Entries supplied =>

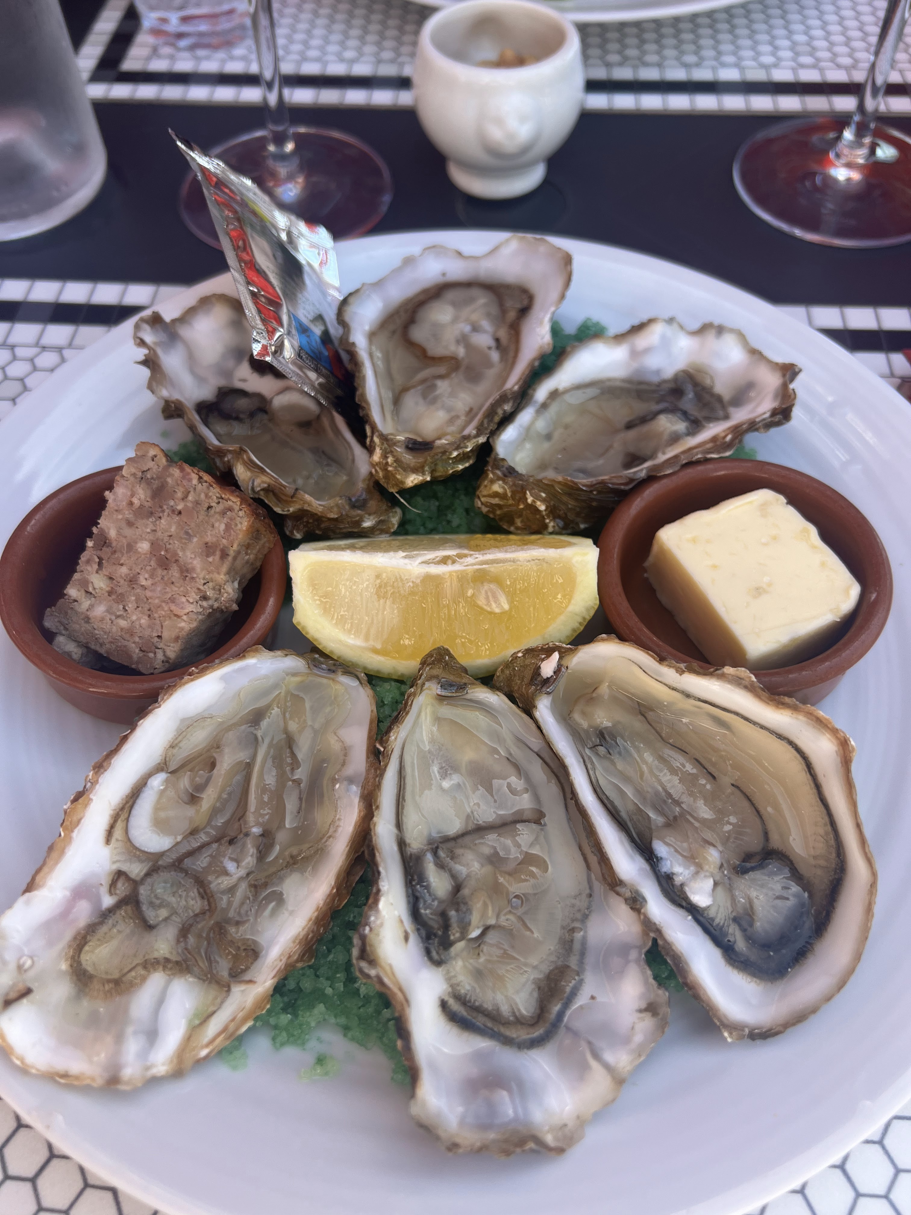 Papa et moi avons déjeuné dehors sous le soleil d'avril. Le personnel est adorable, patient et sympathique, ce qui me permet de pratiquer mon français approximatif ! Excellent choix de menu, cuisine locale fraîche. Les entrées étaient tarte aux chèvres et huîtres et nous avions tous les deux le magret en plat principal mais nous étions malheureusement trop pleins pour le dessert (même si j'ai réussi un XO !) J'y retournerai certainement
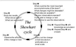 Shewhart also initiated the most important scientific intervention into production of the 20th century. He created a simple formal method for improving any productive process. Later formalized as the “PDCA'' loop, which stands for Plan, Do, Check, Act, is a scientific framework for continuous process improvement.[31]
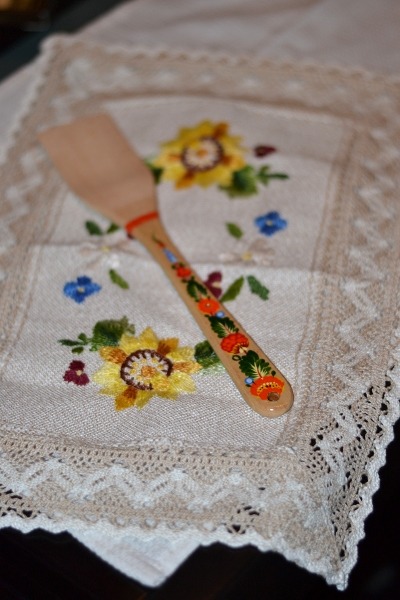 солонка, матрешка с зубочистками и лопатка. А также красивейшая салфетка, которая уже заняла свое место на столе.
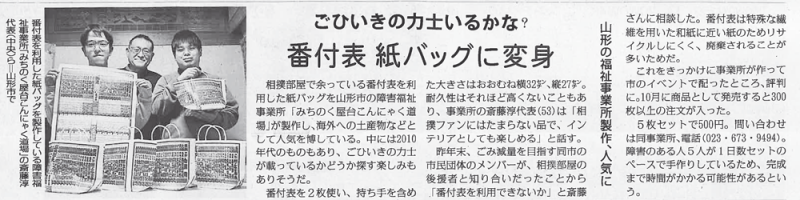ごひいきの力士いるかな?番付表、紙バッグに変身山形の福祉事業所製作、人気に毎日新聞
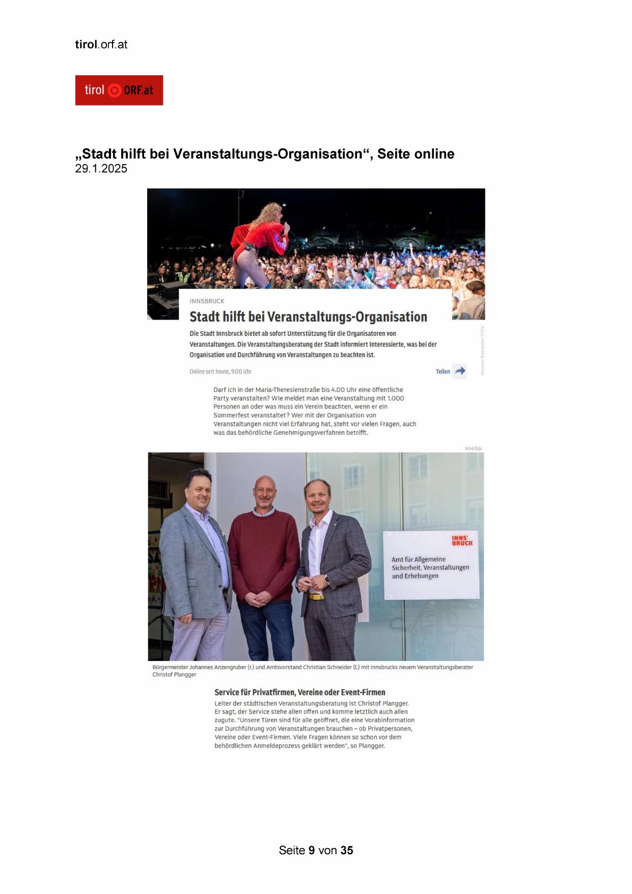 Die Stadt Innsbruck bietet ab sofort Unterstützung für die Organisatoren von
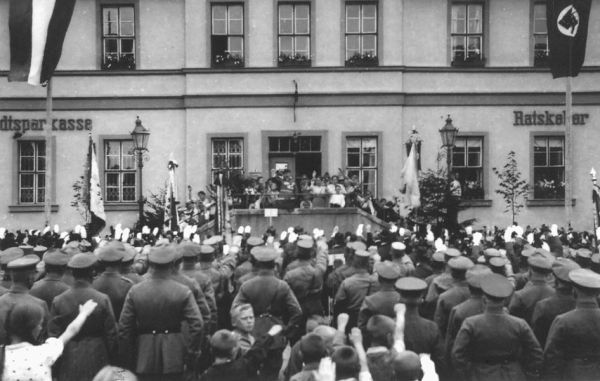 Düstere Zeiten: der Dübener Rathausvorplatz in den 1930er Jahren Foto: Archiv L. Fritzsche

Work to complete => Nothing but the lines from the one containing "Die Stadt Innsbruck" through the end of the listing is to be output, and those lines are to be output exactly, pictures excluded.

Exercise solution =>
 Die Stadt Innsbruck bietet ab sofort Unterstützung für die Organisatoren von
 Düstere Zeiten: der Dübener Rathausvorplatz in den 1930er Jahren Foto: Archiv L. Fritzsche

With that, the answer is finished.